429 is not a glitch. In production it becomes a retry storm: orders fail, your bot misses fills, and your deploy window turns into an incident because five instances all hit the same rate limit at once.

This is not a tutorial. It is a playbook for operators running trading bots against exchange APIs. You will leave with a decision framework, stop rules, and logging fields that let you prove you fixed the problem.

Mini incident: the 429 storm after deploy

It is 14:03 UTC and a deploy finishes. Five bot instances restart, each does a full resync, and each strategy starts polling the same endpoints.

At 14:04 UTC, you see clusters of 429 responses.

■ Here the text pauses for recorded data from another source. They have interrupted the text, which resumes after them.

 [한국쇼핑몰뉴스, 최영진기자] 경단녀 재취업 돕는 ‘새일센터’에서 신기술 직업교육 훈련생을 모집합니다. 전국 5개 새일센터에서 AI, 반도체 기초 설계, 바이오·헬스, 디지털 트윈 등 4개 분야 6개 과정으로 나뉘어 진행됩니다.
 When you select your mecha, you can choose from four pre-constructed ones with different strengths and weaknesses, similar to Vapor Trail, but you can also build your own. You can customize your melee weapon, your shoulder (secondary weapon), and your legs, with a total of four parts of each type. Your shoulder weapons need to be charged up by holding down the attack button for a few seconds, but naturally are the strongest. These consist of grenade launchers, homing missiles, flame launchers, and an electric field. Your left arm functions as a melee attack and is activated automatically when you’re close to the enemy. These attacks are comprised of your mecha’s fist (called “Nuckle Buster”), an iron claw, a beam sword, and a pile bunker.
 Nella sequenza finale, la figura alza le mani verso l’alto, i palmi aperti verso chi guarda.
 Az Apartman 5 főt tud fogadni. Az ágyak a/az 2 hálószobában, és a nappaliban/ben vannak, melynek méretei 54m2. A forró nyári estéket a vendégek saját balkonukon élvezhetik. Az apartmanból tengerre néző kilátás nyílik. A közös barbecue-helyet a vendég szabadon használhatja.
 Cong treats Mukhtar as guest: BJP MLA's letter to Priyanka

By 14:05 UTC, retries are synchronized and the bot is spending more capacity retrying than trading. By 14:07 UTC, the exchange escalates and you start seeing longer cooloffs.

Nothing is "down". Your system is. Rate limiting is backpressure, and your client behavior decides whether backpressure is a small slowdown or a full incident.

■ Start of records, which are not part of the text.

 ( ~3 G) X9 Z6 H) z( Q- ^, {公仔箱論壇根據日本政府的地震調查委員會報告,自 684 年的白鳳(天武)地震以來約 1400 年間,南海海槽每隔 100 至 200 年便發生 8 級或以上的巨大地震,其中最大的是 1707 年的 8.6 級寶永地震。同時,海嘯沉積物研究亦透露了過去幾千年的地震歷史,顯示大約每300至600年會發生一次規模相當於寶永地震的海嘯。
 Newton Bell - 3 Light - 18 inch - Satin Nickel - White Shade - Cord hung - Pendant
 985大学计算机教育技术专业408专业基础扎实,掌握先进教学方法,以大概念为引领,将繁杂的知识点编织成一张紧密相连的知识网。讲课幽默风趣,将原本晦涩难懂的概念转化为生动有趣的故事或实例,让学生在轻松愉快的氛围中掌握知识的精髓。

What fixed window and leaky bucket really change

Most advice treats "rate limiting" as one thing. It is not. The limiter model affects what failure looks like, how you should pace requests, and what signals confirm progress.

Two common models show up in exchange APIs:

  • Fixed window counters. You get a budget for a window, like 1200 weight per 60 seconds. When you hit the cap, you get hard 429s until the window resets.
  • Leaky bucket style pacing. Requests drain at a steady rate. Bursts get rejected or delayed, and constant pacing tends to succeed.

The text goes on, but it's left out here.